検察官役の指定弁護士は、現場のカーブを急にする付け替え工事で脱線する危険性が増大しており、調査を命じれば事故を容易に予見できたと指摘。3社長が自動列車停止装置(ATS)整備を指示する義務があったと主張していた。
3社長は、現場カーブの付け替え工事やダイヤ改正などで、事故が起きる危険性が高まり、事故を予見できたにもかかわらず、それぞれの社長時代にATS整備の指示を出すのを怠り、事故を発生させたとして起訴されていた。

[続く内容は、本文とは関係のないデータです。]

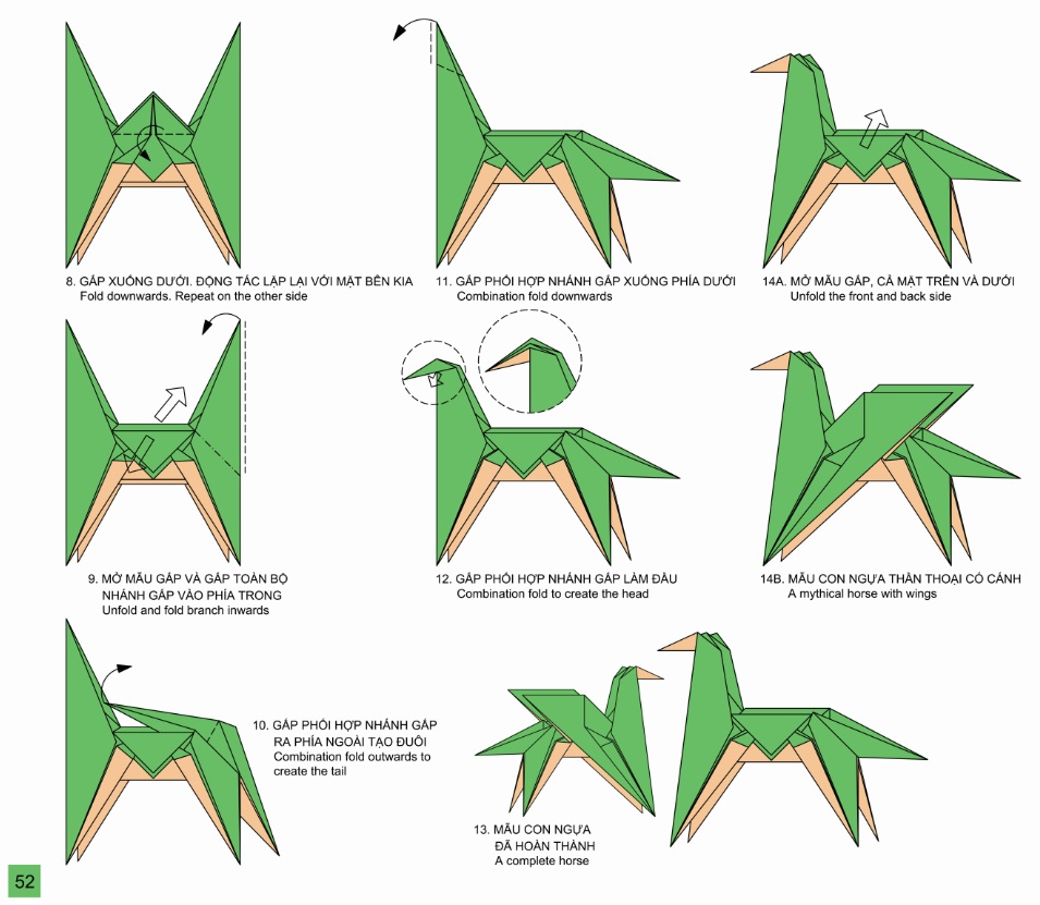 Mẫu gấp Con ngựa đơn giản với 13 bước (không kể Hình cơ bản). Mẫu gấp có thể điều chỉnh tạo thành Mẫu con ngựa có cánh.

3社長は神戸第1検察審査会の「起訴すべき」という議決を受け、22年4月、強制起訴された。検察が同罪で唯一起訴したJR西の山崎正夫元社長(70)は昨年1月、無罪が確定している。(MNS 産経ニュース 2013.9.27 10:09 より)」
此れは、「危険な事態や被害が発生する可能 性があることを事前に認識出来たか如何かと言うことで、重大な結果を予見出来たにも 拘らず、危険を回避する為の対応・配慮を怠った場合、過失を問われることが ある」と言う被告の「予見可能性」の問題である。

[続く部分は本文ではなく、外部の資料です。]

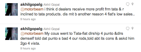 MotorBeam reader Akhil Gopal send us this tweet which summarizes it all (by the way we are on Twitter and personally reply to each and every tweet, you can tweet us here). Now with in house battle brewing at Tata Motors dealership, there is no surprise then, if a person who came with the intention of purchasing the Linea, drives out in a Tata Manza. Fiat, you need to do something and you need to do it quickly, and you need to do it right here, right now.

「刑罰の目的」には、大きく分けて二論ある。「応酬刑論」と「目的刑論」とである。
社長は電鉄会社の最高指揮官である。無論、鉄道旅客運輸の事故対策については、万全の安全責任を負う立場である。事故に対する社長の「予見可能性」は無しとして、判決は無罪にしたものであるが、では、重篤な自動車運転事故については、加害者が事故の「予見可能性」を意識して事故を起こしたもので無くとも、公共の安全を確保するとの「目的刑論」の立場で、懲役を科される事例は少なく無い。一介の個人なら赦されず、社会的に重大な責任を負う電鉄会社の最高指揮権者の罪を免れさせた裁判官の責任は問われるべきである。

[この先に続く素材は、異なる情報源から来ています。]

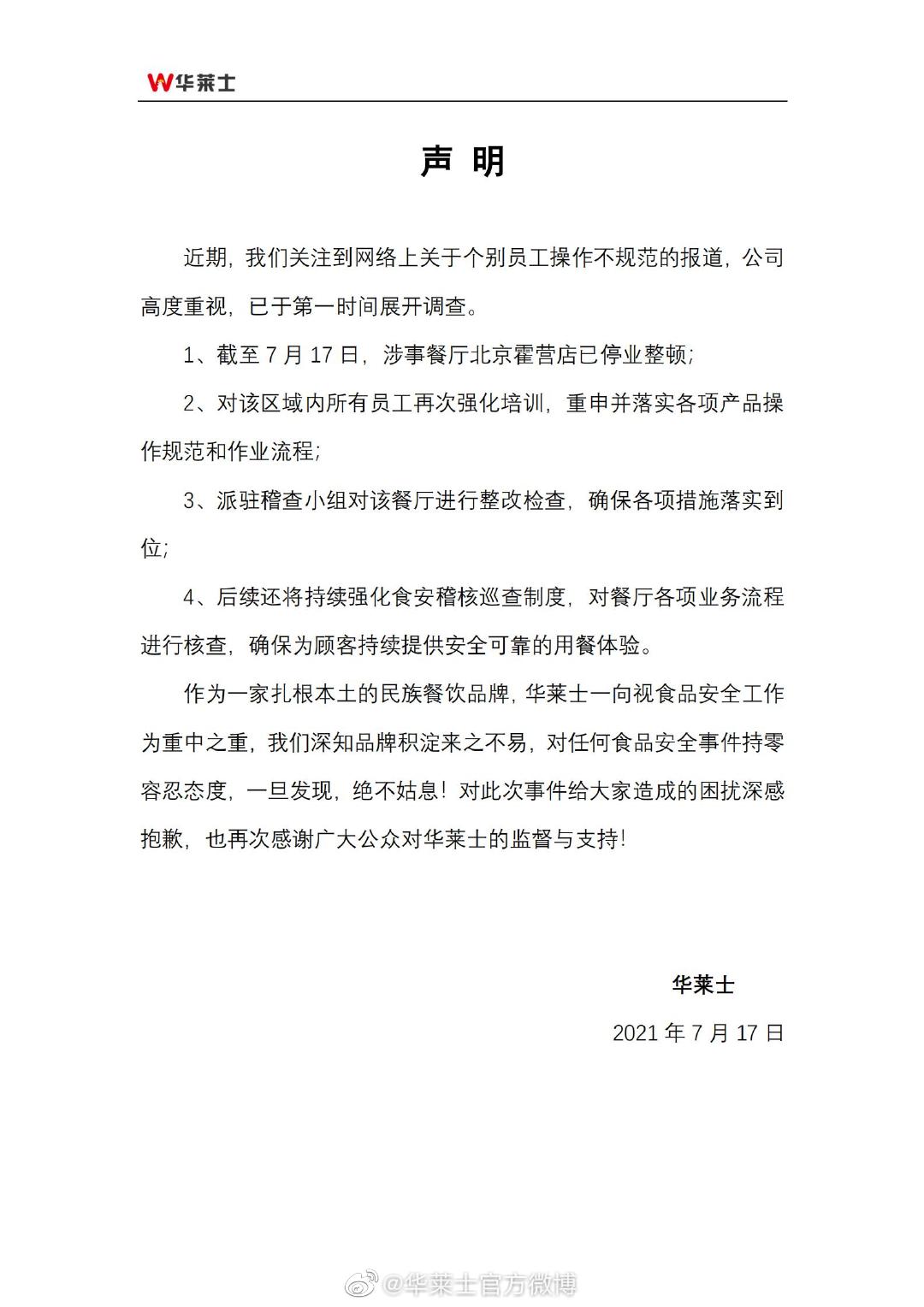 新京报讯(记者 王萍)针对华莱士被曝光后厨一系列操作不规范问题,7月17日晚,华莱士通过其官方微博发出声明致歉,表示涉事餐厅为北京霍营店,已停业整顿,并派驻稽查小组对该餐厅进行整改检查。

大勢の死傷者を出した大惨事が起きたのであり、喩え、此れが運転手がスピードを出した重大な過失があったとしても、半径300mの曲率の線路上で無ければ、このような大事故は起きてい無いのである。事故は現実に起きたのである。
スピードを出し過ぎた運転手には死人に口無しだが、事故後の調査で「電車の運行の遅れを取り戻そうとした為だ」と言われている。亦、ダイヤ編成にも相当無理があったと言われていた。ならば、最高指揮者である社長の安全管理に対する甘さがあったことは否めまい。
「刑罰の目的」に「目的刑論」がある意味は、抑止効果にある。人の生命身体を預かる公共交通機関の安全意識には、此れで良いと言う限度を設けて行け無のであり、だからこそ自動車運転による事故には「無過失責任」まで科されるのである。